Department of Molecular Systems BioAnalysis, Graduate School of Pharmaceutical Sciences, Kyoto University, Kyoto 606-8501, Japan.
Analytical and Quality Evaluation Research Laboratories, Daiichi Sankyo Co., Ltd., Hiratsuka, Kanagawa 254-0014, Japan.
J Proteome Res. 2024 Oct 4;23(10):4704-4714. doi: 10.1021/acs.jproteome.4c00642. Epub 2024 Sep 18.
We revisited protein reversed-phase chromatography (RP), using state-of-the-art RP columns developed for biopharmaceuticals, such as monoclonal antibodies, in order to evaluate the suitability of this methodology as a prefractionation step for bottom-up proteomics. The protein RP prefractionation (Prot-RP) method was compared with two other widely used prefractionation methods, SDS-PAGE and high-pH peptide RP (Pept-RP) by using cell lysates as samples. The overlap between fractions of Prot-RP was comparable to that of SDS-PAGE, and the protein recovery was approximately 2-fold higher. On the other hand, the overlap between fractions of Prot-RP was slightly larger than that of Pept-RP, but Prot-RP was able to identify more protein termini and more isoform-specific peptides than Pept-RP. Our results indicate that the combination of highly efficient protein prefractionation with modern mass spectrometers is particularly effective for proteoform profiling from cellular samples.

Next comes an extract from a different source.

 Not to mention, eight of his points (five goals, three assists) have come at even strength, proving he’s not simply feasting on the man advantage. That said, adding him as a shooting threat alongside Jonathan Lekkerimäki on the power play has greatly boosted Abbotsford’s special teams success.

我们重新研究了蛋白质反相色谱(RP),使用了专为生物制药(如单克隆抗体)开发的最先进的 RP 柱,以评估该方法作为用于自下而上蛋白质组学的预分级步骤的适用性。通过使用细胞裂解物作为样品,将蛋白质 RP 预分级(Prot-RP)方法与另外两种广泛使用的预分级方法 SDS-PAGE 和高 pH 肽 RP(Pept-RP)进行了比较。Prot-RP 馏分之间的重叠与 SDS-PAGE 相当,而蛋白质回收率约高 2 倍。另一方面,Prot-RP 馏分之间的重叠略大于 Pept-RP,但 Prot-RP 能够鉴定出比 Pept-RP 更多的蛋白末端和更多的同工型特异性肽。我们的结果表明,将高效的蛋白质预分级与现代质谱仪相结合,对于从细胞样品中进行蛋白质亚型分析特别有效。